=== TASK PROMPT ===
Please retype the data in full and exactly; the pictures are not part of the copy.

Records excerpted from a collection
□ □ □ □ □
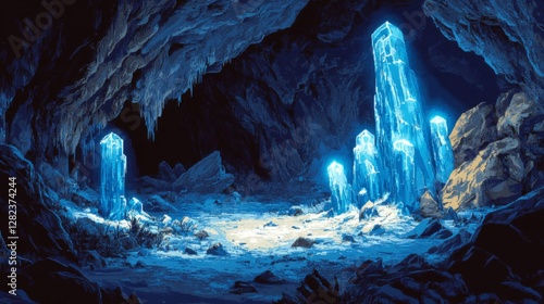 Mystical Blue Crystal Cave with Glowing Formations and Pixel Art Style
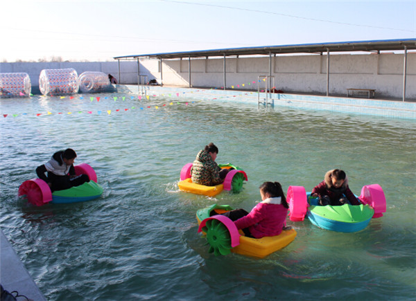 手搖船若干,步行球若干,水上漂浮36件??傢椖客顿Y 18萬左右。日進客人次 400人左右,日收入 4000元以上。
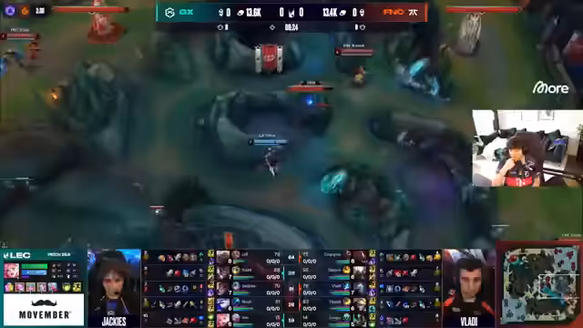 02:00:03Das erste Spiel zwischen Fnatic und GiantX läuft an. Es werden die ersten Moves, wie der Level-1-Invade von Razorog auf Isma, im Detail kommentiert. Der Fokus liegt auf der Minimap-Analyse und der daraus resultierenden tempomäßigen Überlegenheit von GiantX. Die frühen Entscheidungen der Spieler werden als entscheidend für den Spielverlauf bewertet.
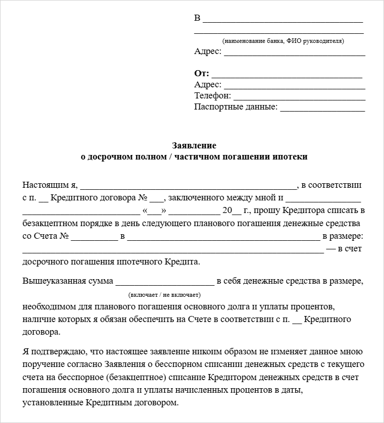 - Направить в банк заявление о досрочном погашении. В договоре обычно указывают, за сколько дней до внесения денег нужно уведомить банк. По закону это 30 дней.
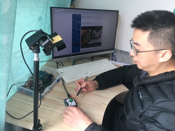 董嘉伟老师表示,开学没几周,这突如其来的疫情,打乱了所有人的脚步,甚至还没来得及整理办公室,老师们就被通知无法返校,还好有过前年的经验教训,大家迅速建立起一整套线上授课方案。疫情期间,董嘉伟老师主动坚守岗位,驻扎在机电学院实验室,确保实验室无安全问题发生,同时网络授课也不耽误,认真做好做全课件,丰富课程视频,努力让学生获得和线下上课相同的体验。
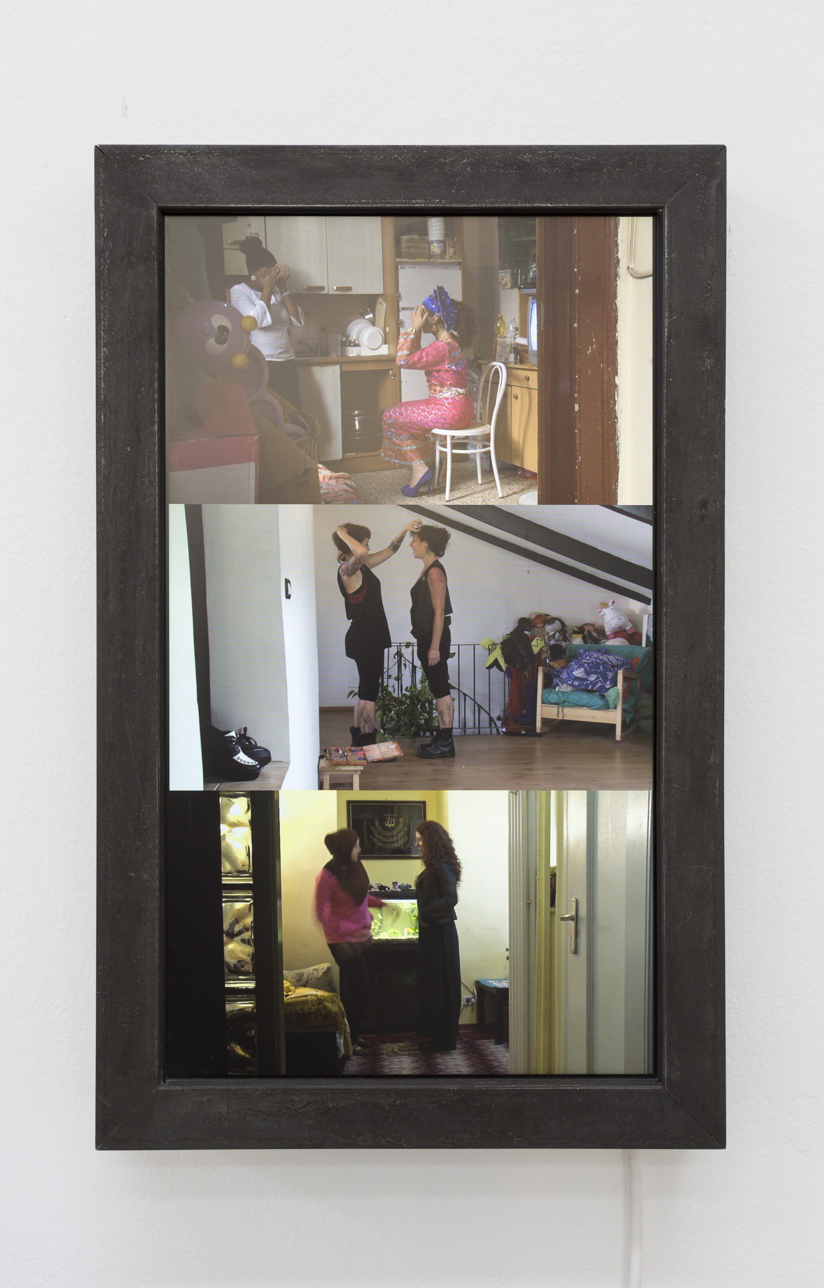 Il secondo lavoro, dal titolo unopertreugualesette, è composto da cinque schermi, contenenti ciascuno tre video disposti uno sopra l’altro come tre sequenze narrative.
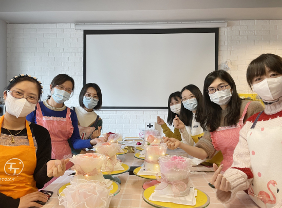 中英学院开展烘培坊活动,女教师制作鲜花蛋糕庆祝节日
□ □ □ □ □
=== YOUR SOLUTION ===
 Mystical Blue Crystal Cave with Glowing Formations and Pixel Art Style
 手搖船若干,步行球若干,水上漂浮36件??傢椖客顿Y 18萬左右。日進客人次 400人左右,日收入 4000元以上。
 02:00:03Das erste Spiel zwischen Fnatic und GiantX läuft an. Es werden die ersten Moves, wie der Level-1-Invade von Razorog auf Isma, im Detail kommentiert. Der Fokus liegt auf der Minimap-Analyse und der daraus resultierenden tempomäßigen Überlegenheit von GiantX. Die frühen Entscheidungen der Spieler werden als entscheidend für den Spielverlauf bewertet.
 - Направить в банк заявление о досрочном погашении. В договоре обычно указывают, за сколько дней до внесения денег нужно уведомить банк. По закону это 30 дней.
 董嘉伟老师表示,开学没几周,这突如其来的疫情,打乱了所有人的脚步,甚至还没来得及整理办公室,老师们就被通知无法返校,还好有过前年的经验教训,大家迅速建立起一整套线上授课方案。疫情期间,董嘉伟老师主动坚守岗位,驻扎在机电学院实验室,确保实验室无安全问题发生,同时网络授课也不耽误,认真做好做全课件,丰富课程视频,努力让学生获得和线下上课相同的体验。
 Il secondo lavoro, dal titolo unopertreugualesette, è composto da cinque schermi, contenenti ciascuno tre video disposti uno sopra l’altro come tre sequenze narrative.
 中英学院开展烘培坊活动,女教师制作鲜花蛋糕庆祝节日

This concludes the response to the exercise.